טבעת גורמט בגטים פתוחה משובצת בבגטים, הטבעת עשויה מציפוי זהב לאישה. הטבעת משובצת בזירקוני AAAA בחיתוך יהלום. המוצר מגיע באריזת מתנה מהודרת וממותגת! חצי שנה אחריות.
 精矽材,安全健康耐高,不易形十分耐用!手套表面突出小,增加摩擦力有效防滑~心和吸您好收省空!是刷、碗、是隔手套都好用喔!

====

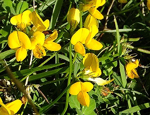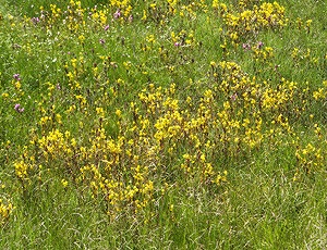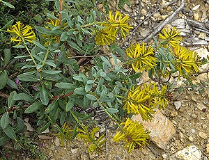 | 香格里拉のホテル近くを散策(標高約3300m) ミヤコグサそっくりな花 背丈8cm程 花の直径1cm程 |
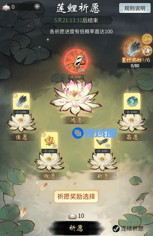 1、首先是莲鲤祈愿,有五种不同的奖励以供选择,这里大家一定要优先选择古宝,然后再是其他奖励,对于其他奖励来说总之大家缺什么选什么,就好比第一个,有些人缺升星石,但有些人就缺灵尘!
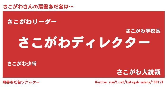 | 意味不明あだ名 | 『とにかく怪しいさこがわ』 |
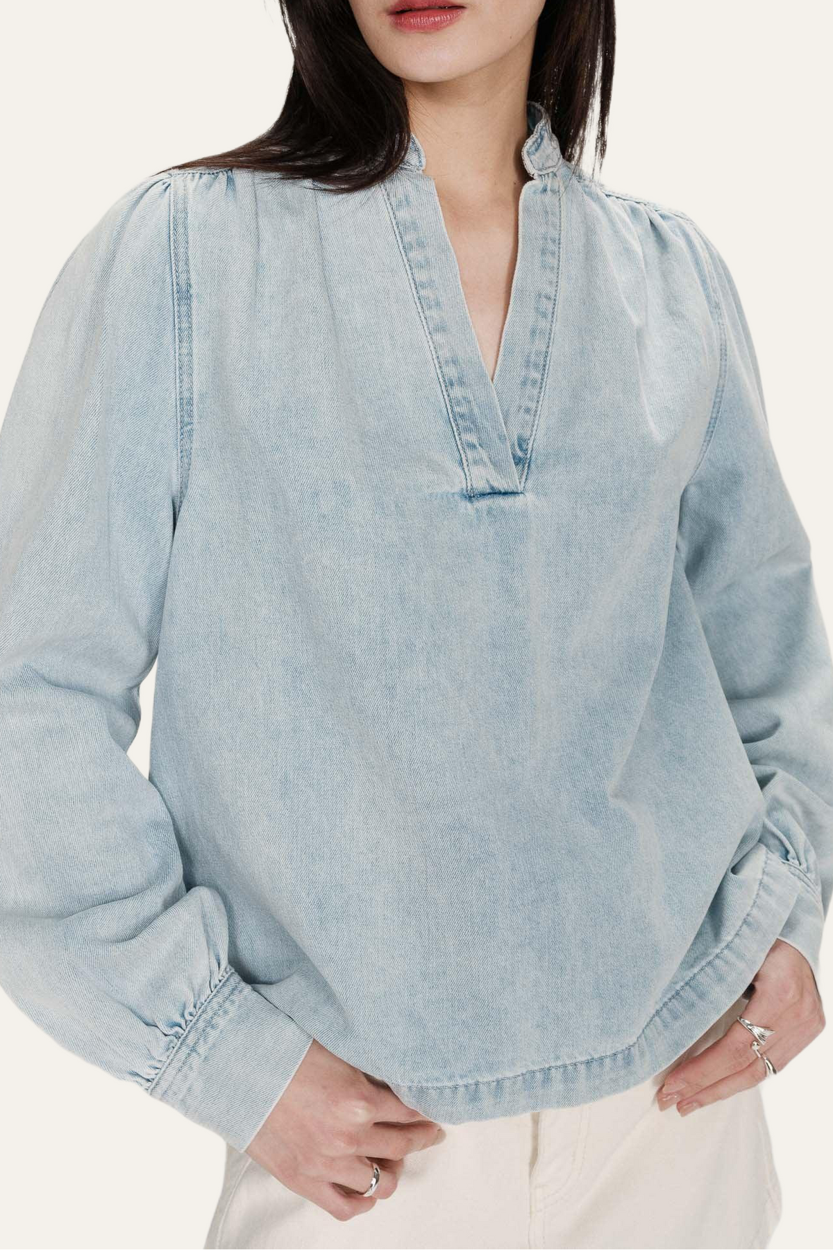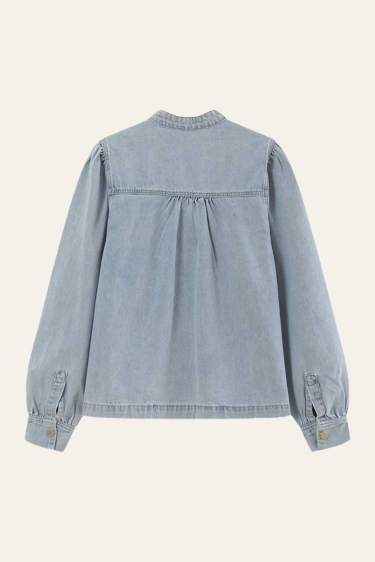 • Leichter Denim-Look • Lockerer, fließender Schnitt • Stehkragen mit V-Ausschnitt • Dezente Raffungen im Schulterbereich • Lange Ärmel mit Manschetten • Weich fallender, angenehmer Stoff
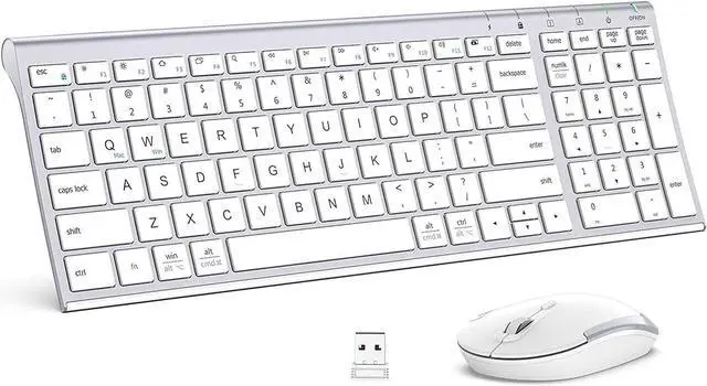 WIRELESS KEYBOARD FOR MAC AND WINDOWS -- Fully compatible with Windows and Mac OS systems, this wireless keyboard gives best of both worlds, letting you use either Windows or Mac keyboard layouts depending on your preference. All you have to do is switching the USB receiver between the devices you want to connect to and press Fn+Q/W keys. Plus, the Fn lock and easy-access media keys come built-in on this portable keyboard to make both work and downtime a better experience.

====

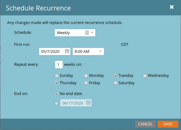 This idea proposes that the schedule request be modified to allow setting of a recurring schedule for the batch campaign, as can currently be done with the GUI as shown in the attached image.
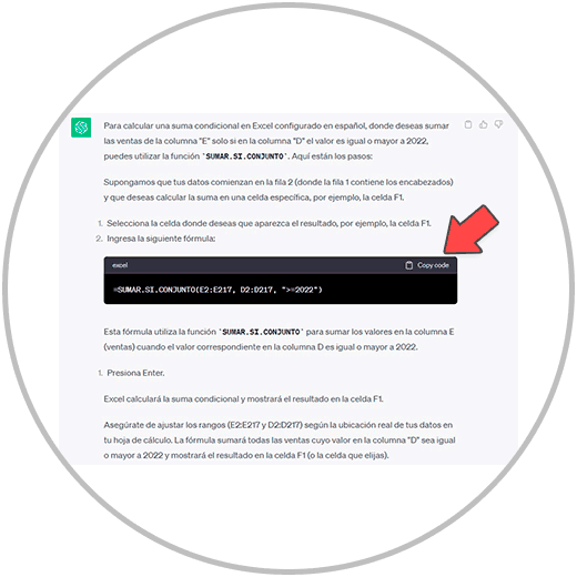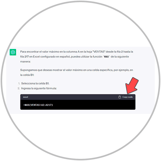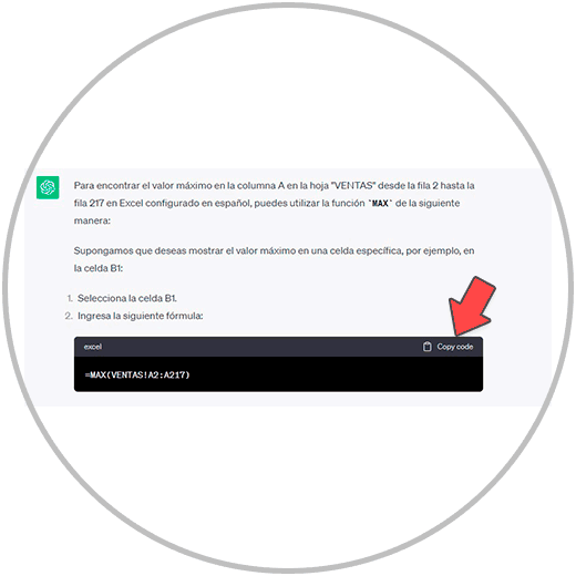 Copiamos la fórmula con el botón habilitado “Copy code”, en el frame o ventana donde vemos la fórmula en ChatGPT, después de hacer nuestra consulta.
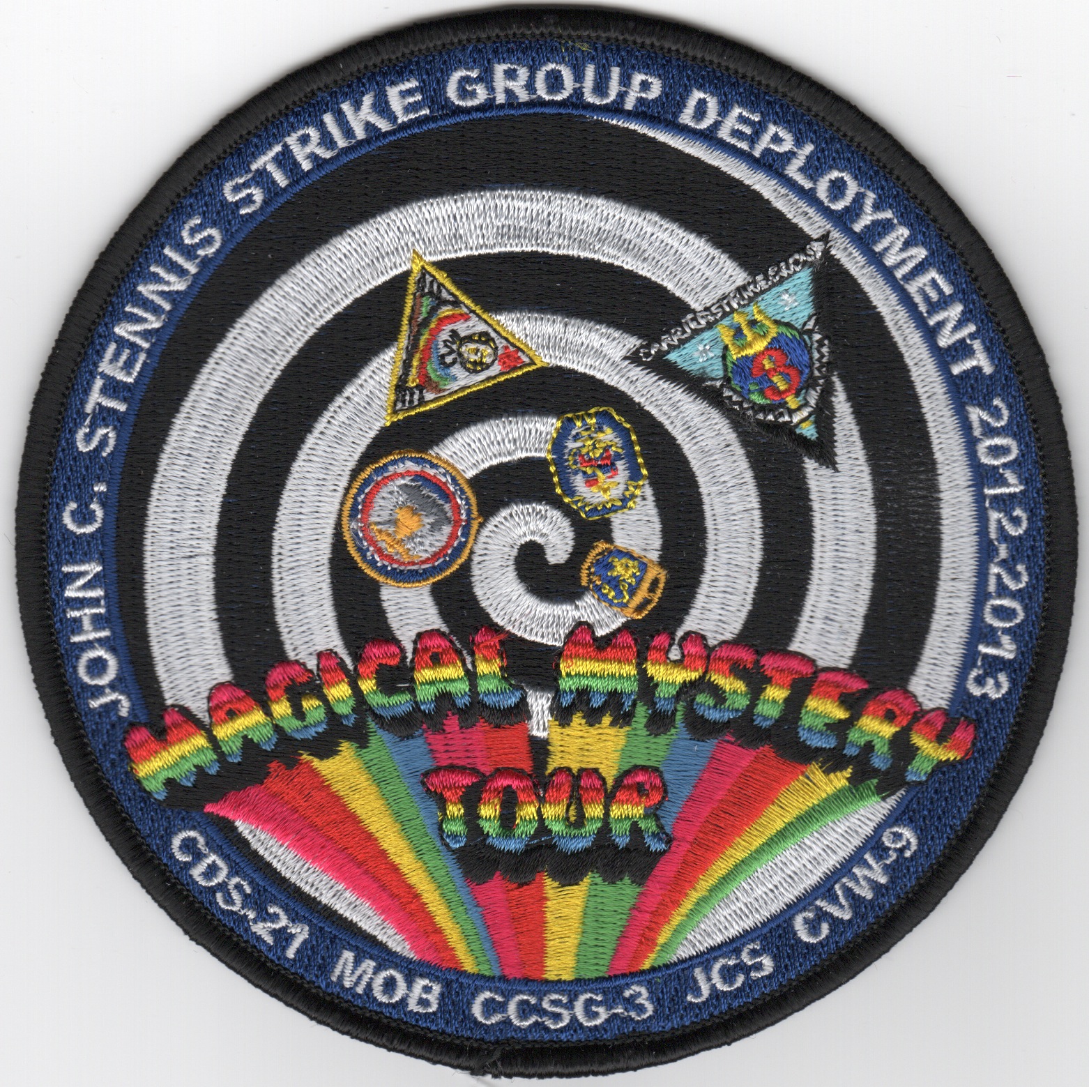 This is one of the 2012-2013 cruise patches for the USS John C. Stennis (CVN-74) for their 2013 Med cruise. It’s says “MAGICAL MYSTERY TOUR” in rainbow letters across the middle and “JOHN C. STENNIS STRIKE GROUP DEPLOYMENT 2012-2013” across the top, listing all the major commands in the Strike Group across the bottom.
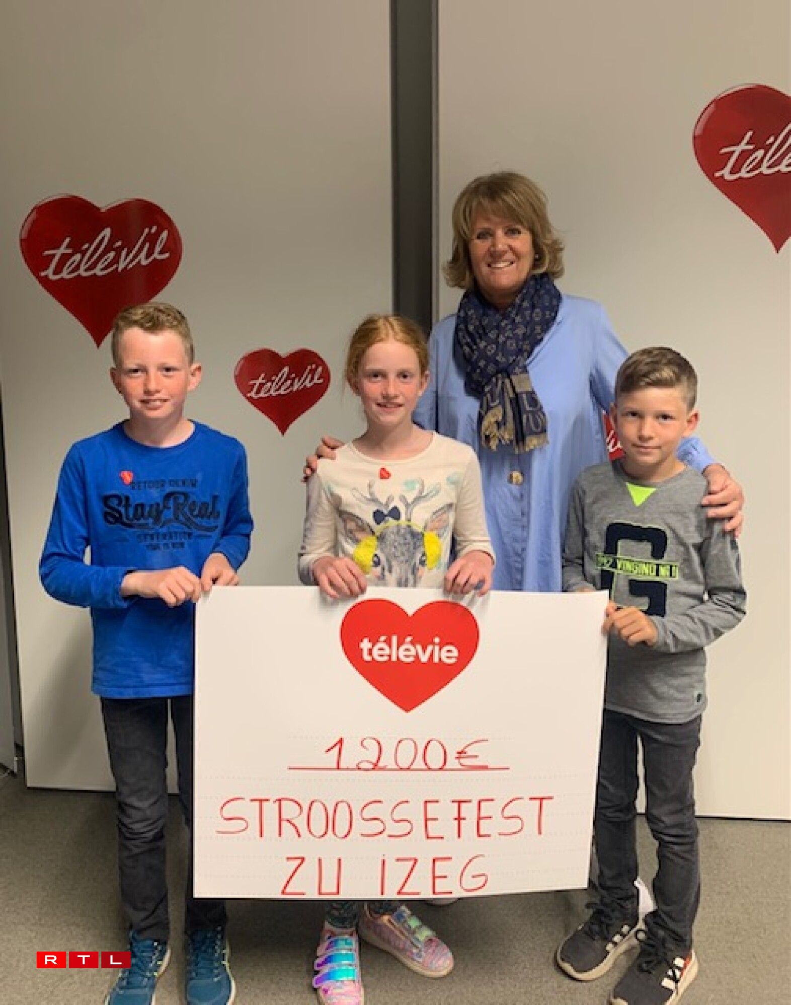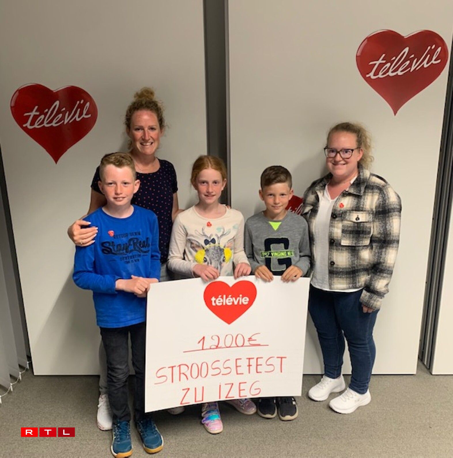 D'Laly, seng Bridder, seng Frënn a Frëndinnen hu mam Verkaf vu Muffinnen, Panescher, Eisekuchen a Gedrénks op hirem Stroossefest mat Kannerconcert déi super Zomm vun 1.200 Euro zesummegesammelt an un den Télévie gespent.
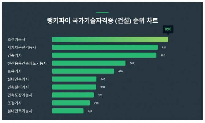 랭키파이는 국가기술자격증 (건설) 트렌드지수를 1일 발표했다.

====

◆ Exercise details
Copy the lines above between the one holding "This is one" and the one holding "랭키파이는 국가기술자격증 (건설) 트렌드지수를 1일 발표했다.", inclusive. Drop the pictures.

◆ Answer space
 This is one of the 2012-2013 cruise patches for the USS John C. Stennis (CVN-74) for their 2013 Med cruise. It’s says “MAGICAL MYSTERY TOUR” in rainbow letters across the middle and “JOHN C. STENNIS STRIKE GROUP DEPLOYMENT 2012-2013” across the top, listing all the major commands in the Strike Group across the bottom.
 D'Laly, seng Bridder, seng Frënn a Frëndinnen hu mam Verkaf vu Muffinnen, Panescher, Eisekuchen a Gedrénks op hirem Stroossefest mat Kannerconcert déi super Zomm vun 1.200 Euro zesummegesammelt an un den Télévie gespent.
 랭키파이는 국가기술자격증 (건설) 트렌드지수를 1일 발표했다.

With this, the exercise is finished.